他的手还抚在贝多的背上,掌心能感受到对方急促的呼吸。
视线却越过满地狼藉,死死黏在那个正朝这边撤离的黑色身影上。
先前被囚禁在花园中,面对伊森尔令人作呕的触碰与精神压迫,他没有感到恐惧。
在混乱的祷告场上,面对四面八方袭来的箭矢,他也没有惊慌失措。
但当他眼睁睁看着西蒙德调转方向,义无反顾地冲向那片密集的箭阵,只为了给他们吸引火力。
尤其是联想到那些箭头可能带着毒。
维克多就感觉自己悬在深渊上,就连呼吸都带着疼。
直到最后一只兽人顺利隐入森林,喧嚣彻底远离脑后。
贝多背上的颠簸让维克多脑海一阵眩晕,但还是立刻挣脱了搀扶。
脚步踉跄地朝着西蒙德的方向跑去。
长袍下摆被树枝勾住,撕开一道口子,他也浑然不觉。
西蒙德的兽形比记忆中更显狼狈,黑色的皮毛沾上了些草屑。
维克多快步上前,蹲下身,盯着伤口。
一支箭还嵌在皮肉里,每一次呼吸,都有新的血珠顺着箭杆滑落,在地面聚成一小滩。
维克多伸出手,刚要触到那片湿冷的皮毛,又猛地缩回,怕让对方更疼。
察觉到他的靠近,西蒙德缓缓侧躺下来。
眼眸半眯着,甚至还试图摇晃了一下那根粗壮的尾巴尖端,带着点故作的轻松,
“看来我们运气不错,又见面了,圣子阁下。
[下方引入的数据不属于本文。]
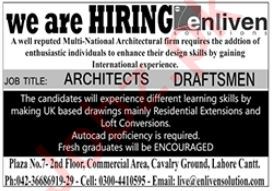 Vacant posts including architects and draftsman are announced in Enliven Solutions Limited Lahore, lahore Punjab Pakistan as per 3 December 2023 advertisement in daily Jang Newspaper. Preferred Education is Bachelor and DAE etc.
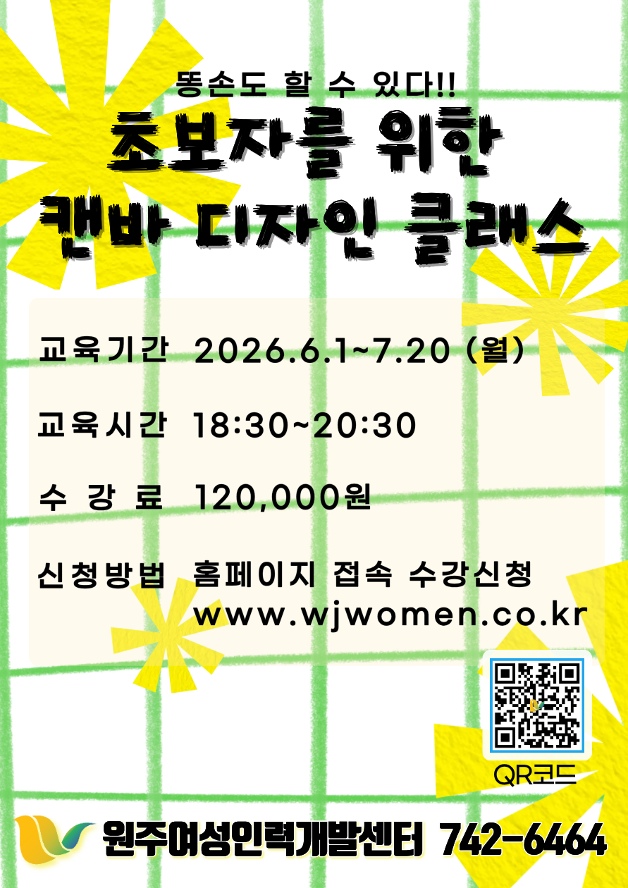 누구나 쉽게 따라할 수 있는 캔바(Canva) 디자인 기초 클래스로 홍보물, 카드뉴스, 포스터, SNS 이미지까지 직접 만들어보세요.디자인 비전공자도 쉽게! 실습 중심으로 차근차근 배우는 초보자 맞춤형 캔바 디자인 수업입니다.

”
但是维克多完全失神,满脑子都在想怎么处理伤口。
贝多见状立刻皱起眉,转身对着不远处探头探脑的几个兽人挥了挥手。
“都散开,首领需要休息。”
兽人们面面相觑,最终还是拖沓着脚步离开了。
贝多站在不远处的树干旁,目光落在那一人一虎身上。
忽然想起伊恩之前总变着法子把首领和维克多单独留在一处。
突然明白了些什么,嘴角不自觉地抽了抽,索性背过身去,假装眺望远方的森林
见维克多失神地盯着自己的伤口,对自己的话毫无反应。
西蒙德喉咙里发出一声轻飘飘的叹息。
他的尾巴灵活地抬起,轻轻卷住维克多的腰,将他带得离自己更近一些。
维克多能清晰地闻到西蒙德身上独有的气息——
混合着森林的自然气息,还有那挥之不去的血腥味,每一种味道都让他莫名地心慌。
“维克多,”
西蒙德再次开口,声音放得更低,
“别光看着。帮我把这支碍事的箭拔出来,好吗?”
维克多下意识摇头,嘴唇翕动着,想要拒绝。
拔箭?
万一引发更严重的出血,或者……他不敢想下去。
“嗯?”
西蒙德的鼻音拖长了些,带着点虚弱,
“听话。”
维克多能感觉到西蒙德的尾巴还在轻轻摩挲着他的腰侧,带着安抚的意味。
那粗糙的尾尖划过衣料,带来一阵细微的触感,让维克多的腰腹微微绷紧。
维克多心乱如麻,下意识地想后退,指尖刚触到地面,就被尾巴缠得更紧了。
他当然知道,保持兽形状态,西蒙德或许更能承受拔箭的痛苦。
但是……他猛地想起西蒙德曾经漫不经心说过的话——
“我最怕疼了”。
那句话当时听着像是玩笑,此刻却像一根针,狠狠扎进维克多心里。
就在这时,西蒙德巨大的头颅似乎支撑不住般,缓缓垂落,枕在自己的前爪上。
碧绿的眼眸也半阖起来,声音变得含糊而疲惫。
“好累……维克多……我好像……有点想睡觉了……”
维克多能感觉尾巴落在自己到膝头的重量,还有那透过衣料传来的体温,烫得他腿心发麻。
心一沉。
是箭毒发作了?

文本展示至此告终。